Nine New Foods and Drinks to Try this Month
KOMBUCHA
This probiotic fermented tea is a totally fresh way to get your daily dose of healthy bacterial goodness. This probiotic bacteria can do beneficial wonders for your gut and immune system. Better yet, kombucha is a perfect alternative to soda because it is bubbly, tangy, low in carbohydrate, and comes in a variety of flavors.
SPROUTED FOODS
These grains and seeds have recently become trendy, but, ironically, their consumption was common before the advent of modern food production. Because grains are actually just seeds, they can be soaked and sprouted prior to consumption. Sprouting unleashes a seed’s potential because they keep their nutrition stores locked up until germination—a process that sends a signal to the seed to release the nutrients needed to grow a plant. Sprouting thus increases digestibility and the availability of nutrients such as zinc, magnesium, B vitamins, vitamin C, and even protein. Most of these nutrients are hard to get enough of—especially for those with limited meat intake—which makes sprouts extra beneficial. These foods—rice, wheat, quinoa, pumpkin seeds, and a variety of others—are “sprouting” up regularly now, so give them a try!
RADISHES
So maybe you tried radishes once or even twice, and you subsequently wrote them off as something on the “don’t like” list. Please, TRY THEM AGAIN. You see, radishes are not the kind of thing you should just bite into and decide whether you like them. Instead, they belong as a beautiful complement to other foods. Slice radishes thinly and add them to salads for a beautiful pop of color and a zesty crunch with a faintly peppery bite. Better yet, toss them in with a batch of roasted veggies. When roasted they lose their peppery bite and become sweet little veggie orbs. Here’s the deal: Olive oil, salt, and pepper + any other roasting veggie of your choice + 425F degrees for about 20 minutes = RADISH MAGIC. You can even throw in the radish leaves with your roasted veggie mashup and they’ll crisp up in the oven to make nicely toasted chips.
TURNIPS
Turnips are cooked like potatoes and have a similar flavor, except they’re very low calorie and extremely nutritious. Consider shaking your next soup up with turnips in place of potatoes—and don’t toss the turnip greens! With a little butter, salt, and pepper, sautéed turnip greens make for a delicious side dish. Or, try tossing the greens in your vegetable soup similar to the way you would use spinach. Delicious, nutritious, and thrifty—turnips have it all.
FENNEL
KEFIR
Kefir is a probiotic fermented milk product that is similar in flavor to yogurt, but typically has many more strains of beneficial bacteria and yeast. AKA, it’s great for gut health. You can find it in a variety of flavors similar to smoothie drinks. However, be aware that—like yogurt—it often has added sugars, so keep an eye on portion size or choose plain products. A fun twist on kefir is to make it savory rather than sweet by choosing plain kefir and adding salt to taste.

LENTILS
Lentils are nutrition powerhouses. They are an excellent source of protein and rich in a variety of nutrients, including folate, vitamin C, iron, zinc, vitamin K, choline, and the other B vitamins. Lentils are most frequently found in soup recipes, but they can also be used in salads, rice dishes, or standalone side dishes.
FERMENTED SAUERKRAUT
Sauerkraut may have a funny name, but it’s definitely a star when it comes to adding a salty crunch to sandwiches, hot dogs, burgers, or even as a snack.

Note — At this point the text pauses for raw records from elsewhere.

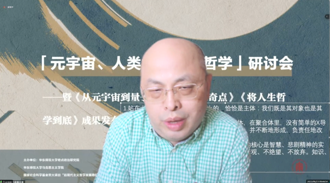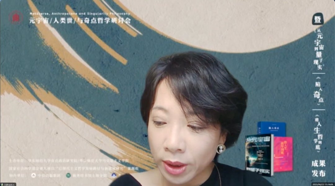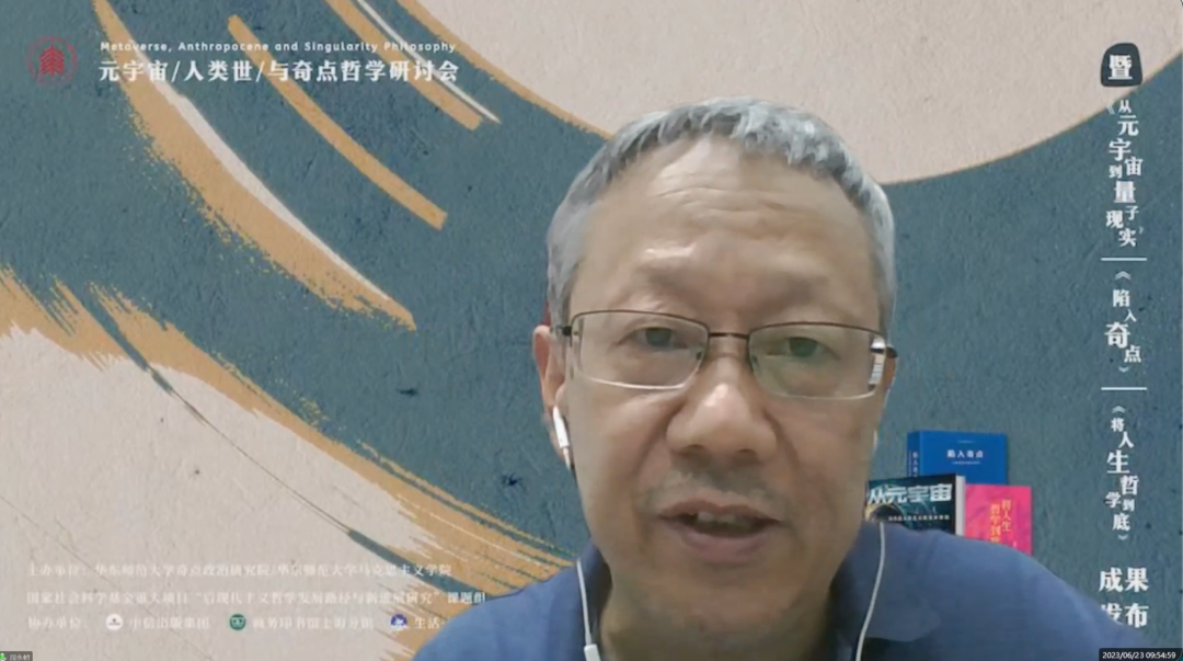 2023年6月23日,由华东师范大学奇点政治研究院、华东师范大学马克思主义学院、国家社会科学基金重大项目“后现代主义哲学发展路径与新进展研究”课题组联合主办,由中信出版集团、商务印书馆上海分馆、生活·读书·新知三联书店协办的“元宇宙、人类世与奇点哲学”研讨会——暨《从元宇宙到量子现实》《陷入奇点》《将人生哲学到底》成果发布在华东师范大学闵行校区法商南楼228会议室圆满举行。
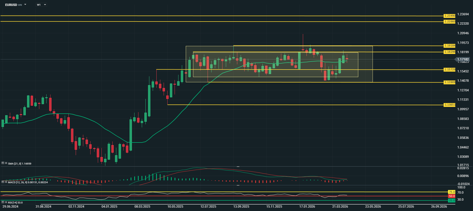 Na minha opinião, a agenda de eventos e dados económicos irá certamente aumentar a volatilidade no EUR/USD durante esta semana, num cenário em que o impasse no Médio Oriente se mantenha. O grande impulsionador do mercado irá continuar a ser o Estreito de Ormuz, ou melhor, o fluxo noticioso que origina, com o petróleo como barómetro da avaliação de risco feito pelo mercado. Mais tensão, petróleo a subir e pressão sobre o EUR/USD. O mercado precisa de ver algo de mais concreto para sair do intervalo 1,1700/1,1800, e não creio que serão para já estes números económicos nem os bancos centrais a fazê-lo, salvo qualquer grande surpresa, como uma subida imediata de taxas.
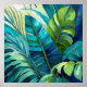 Contenidos generativos, espléndidos, botánicos, monstera triptch "Monstera, Banana, hojas, pintura al óleo", "Arte, Verde azulado, verde, azul, amarillo", "Tropical, botánico, natural, Bella Artes", "Decoración de paredes, lujuria, vibrante, follaje" Colorido de las obras.
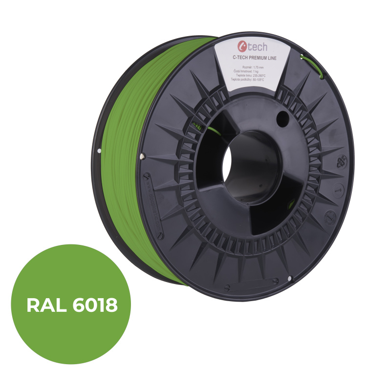 C-TECH tisková struna PREMIUM LINE ( filament ) , PLA, zelenožlutá, RAL6018, 1,75mm, 1kg
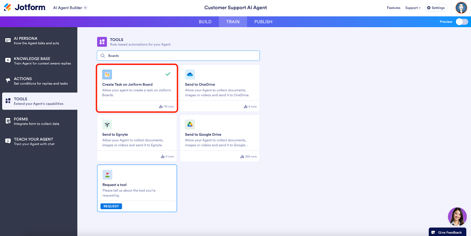 To get started, in the AI Agent Builder, select Train from the toolbar, then in the sidebar of the Train page, select Tools. In the search bar, enter “boards.” Select Create Task on Jotform Board.
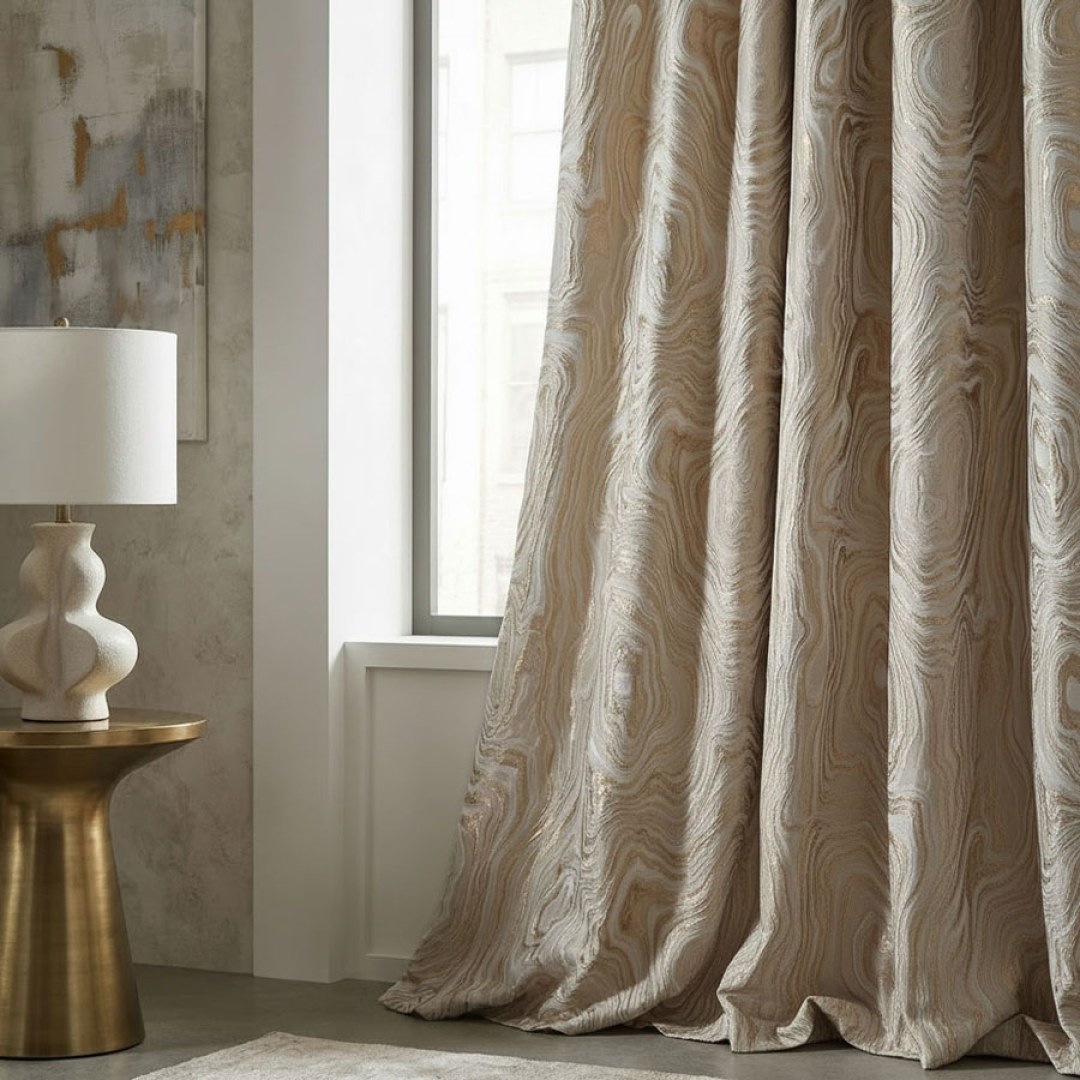Gilded Marble Luxury 3D Jacquard Mocha Cream Abstract Curtain
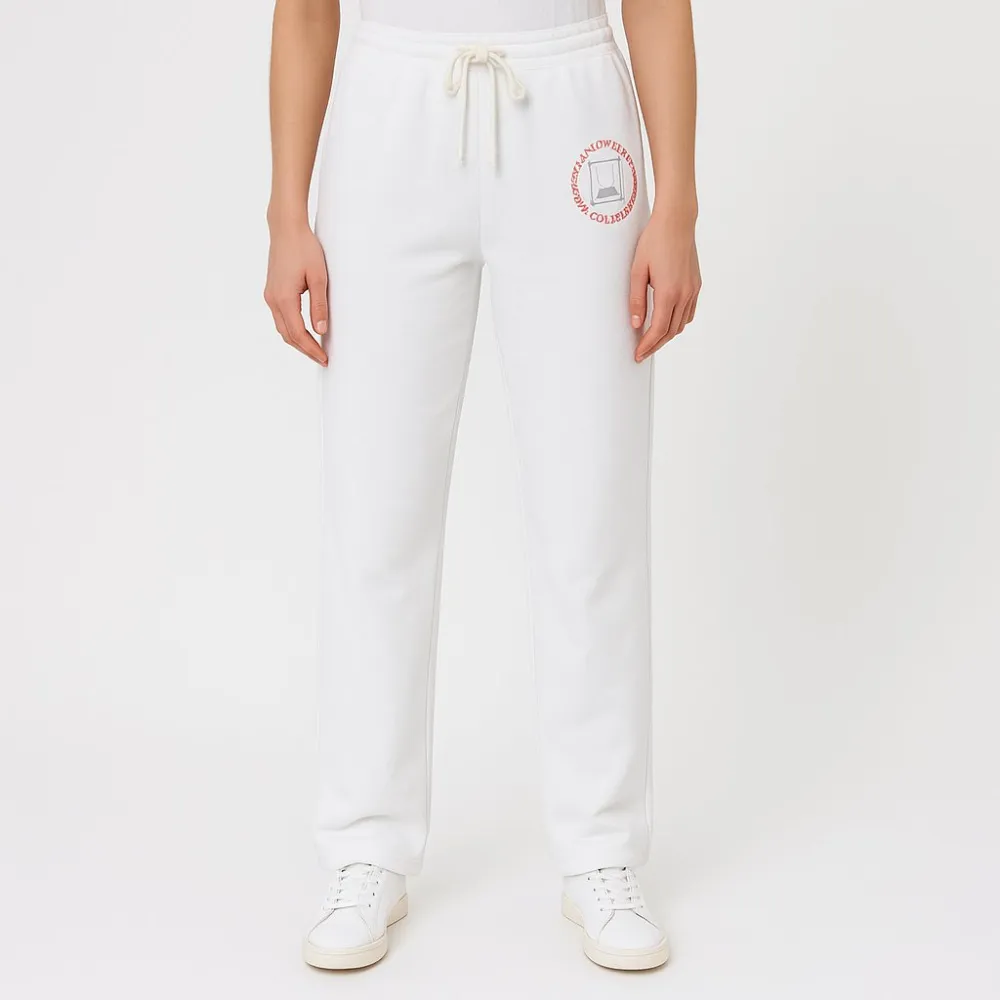 Женские спортивные брюки Primark x Miffy белого цвета с эластичным поясом на шнурке и небольшим принтом на бедре. Подойдут для дома, прогулок и образов в стиле casual. Мягкий футер и удобная посадка делают их практичными на каждый день.
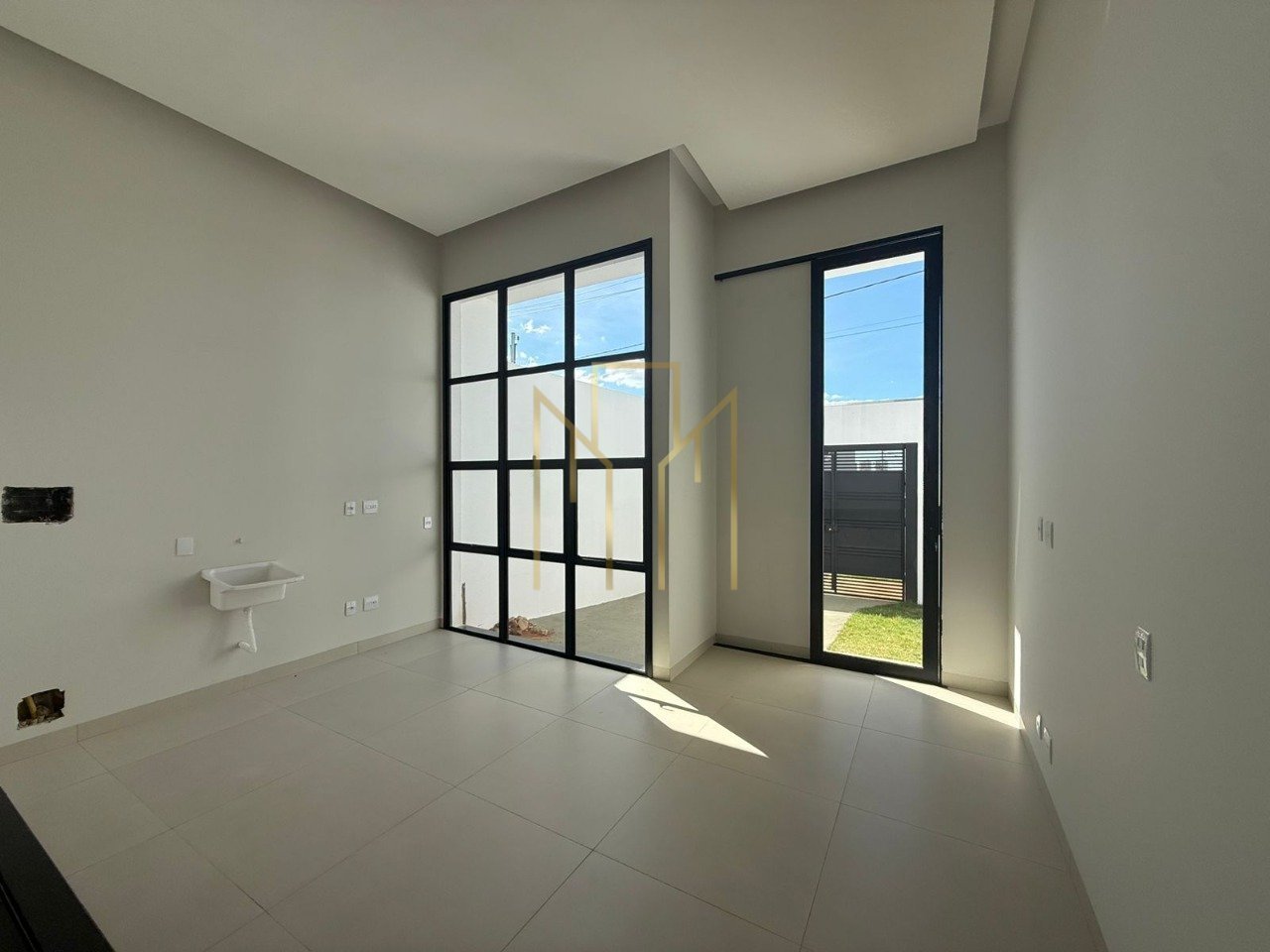 Casa à venda no Bairro Verde em Umuarama. Terreno de 125,00 m² (maior terreno do bairro) e área construída de 71,00 m². Garagem descoberta para 2 veículos. Área de fundos disponível, closet ou espaço. Sala alta com pé direito duplo de 4,50 metros. Porta e janela principal com 4,00 metros de altura. Cozinha americana ampla e moderna. 3 dormitórios, sendo 1 suíte, e 1 banheiro social. Casa toda em porcelanato retificado, com bancadas na cozinha em preto absoluto. Preparação para água quente nos banheiros e cozinha (aguardando instalação do boiler). Ponto para lava-louças na cozinha e lavanderia externa. Portão e esquadrias em alumínio preto de 1ª qualidade. Todas as tomadas de interruptores da marca Tramontina. Acabamento 100% premium. Aceito financiamento. Pronta para morar, 100% concluída. Vale a pena conferir. Início do bairro e próximo aos principais comércios e academia da região.
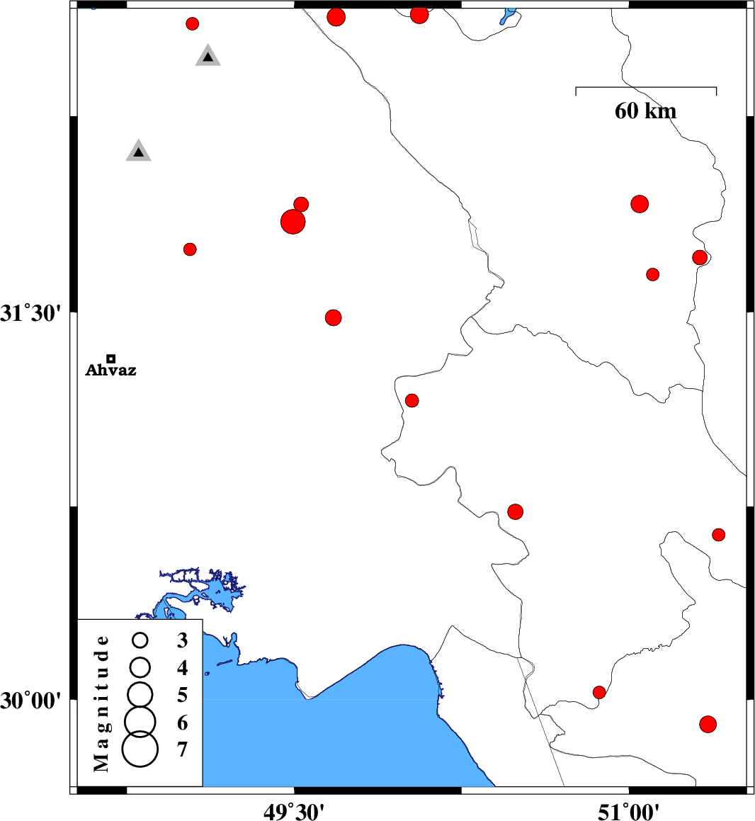| 2015/11/29 | 00:21:55.1 | 03:51:55.1 | 31.913 | 49.53 | 14 | ML3 | Khoozestan Province, 22 km -East of Masjed Soleyman | ||
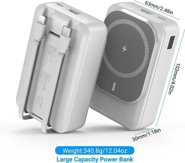 Universal compatible with All popular devicesThe Portable power bank is compatible with iPhone 16/15/14/13/12 Series. For wireless charging, please make sure your phone has a magnetic feature or wear a magnetic case to avoid not being able to best use this product. Portable phone charger builts in multi ports, cables, it is widely compatible with all popular cellphones or tablets. Such as for iPhone, iPad, for Samsung, for other USB C port phones, tablets, and also for Micro devices
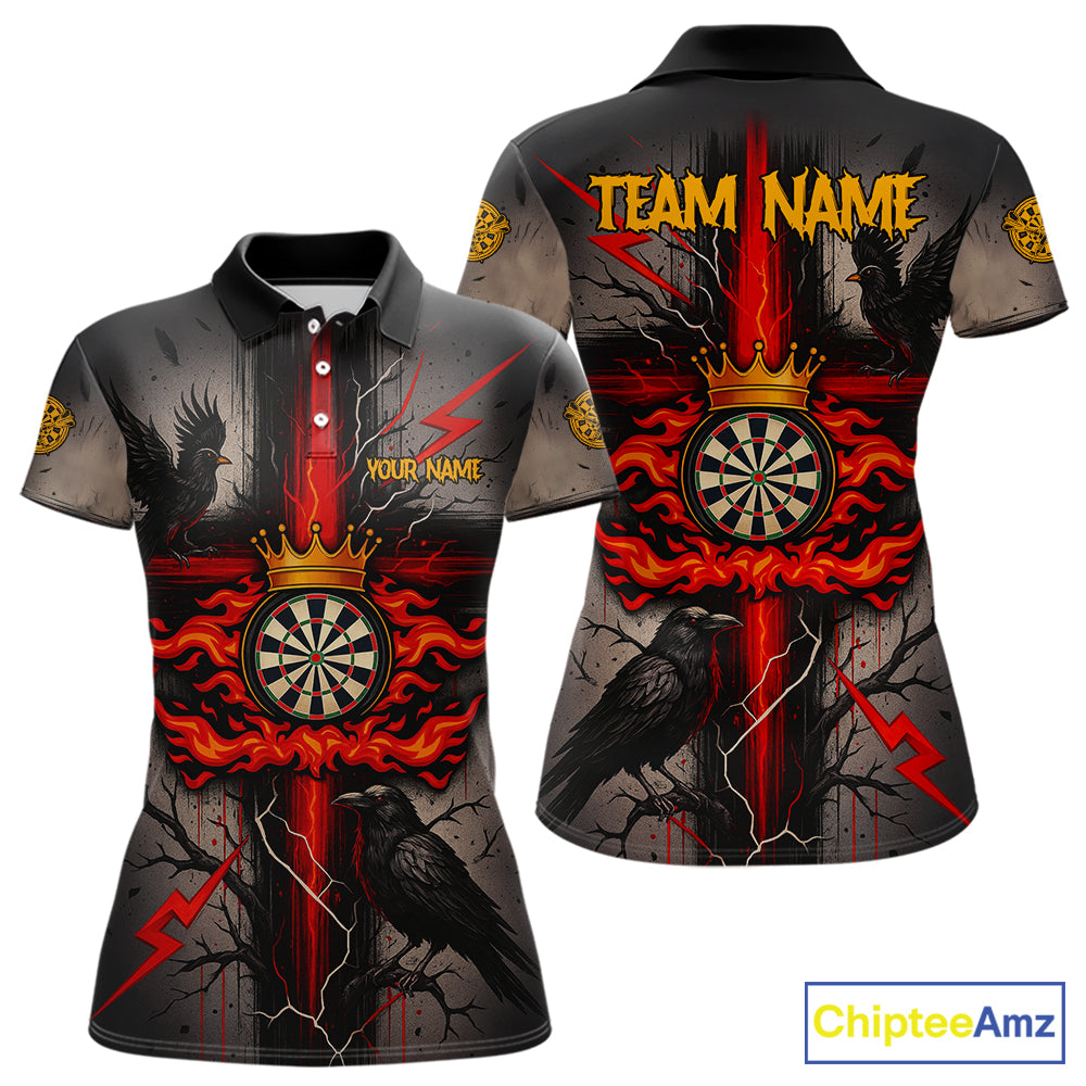 Personalized Raven Red Flames Crown Darts Polo Shirts For Women Cross Dart Gothic Jerseys NYN2194
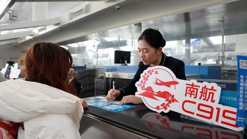 2024年1月26日,在上海虹橋機場,乘客準備搭乘中國東方航空公司的國產大型客機C919飛往成都天府國際機場。這是C919首度服務春運。
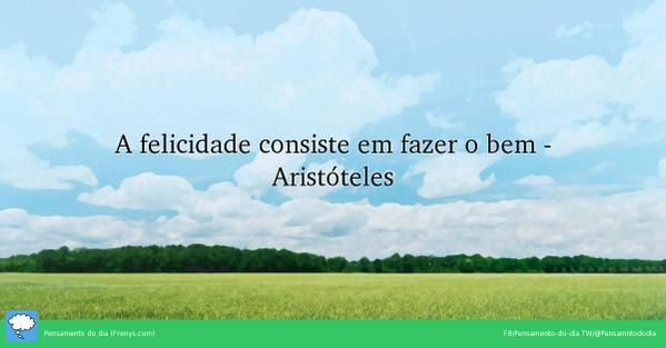 Pensar para seguir princípios, manter valores, refletir e evoluir com o que se passa, sempre evoluindo no sentido de pensar, agir, falar, e sentir tudo em consonância, e todos de acordo com as suas convicções, muito bem fundamentadas. Segundo Aristóteles, a felicidade consiste em fazer o bem. De fato, independentemente da situação externa em que nos encontramos, se estamos exercendo nossas virtudes, fazendo o bem, podemos sim ser felizes, ainda que não seja no modo padrão. Isso também não quer dizer que a vida que não segue o modo padrão seja uma bagunça e "vamos curtir", pelo o contrário, deve ser tão consciente e reta quanto. Viver a vida curtindo é um retrocesso do tamanho de um abismo, mas isso discuto em outra pauta.
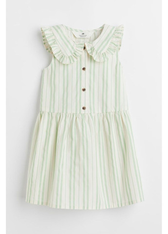 Платье-миди без рукавов из хлопкового поплина. Отложной воротник с рюшами, пуговицы спереди, присборенная талия и расклешонная юбка. Без подкладки. В изделии возможно повреждение бирки.

Fermentation is the simple process of adding salt to the cabbage to create brine; thus, sauerkraut is traditionally made without heat canning. If the right amount of salt is added, the conditions are perfect for the beneficial bacteria naturally present on the vegetable’s surface to multiply and “cure” the cabbage, creating flavorful compounds. The bacteria even improve the nutritional qualities of the cabbage because it can produce nutrients as the cabbage cures. Fermented sauerkraut that has never been heated retains its wonderful probiotic qualities, plus it’s crispier than canned or cooked varieties. Better yet, you can even find different flavors, such as my favorite— Farmhouse Cultures Smoked Jalapeno Sauerkraut.
KERRYGOLD BUTTER
Okay, so most people like butter, so it shouldn’t be a big ask to get you to try a new brand. Kerrygold butter is worth a try because the flavor is rich and the beautiful golden hue is due to the high beta-carotene content of the premium quality milk. Once you taste it, you’ll never look back.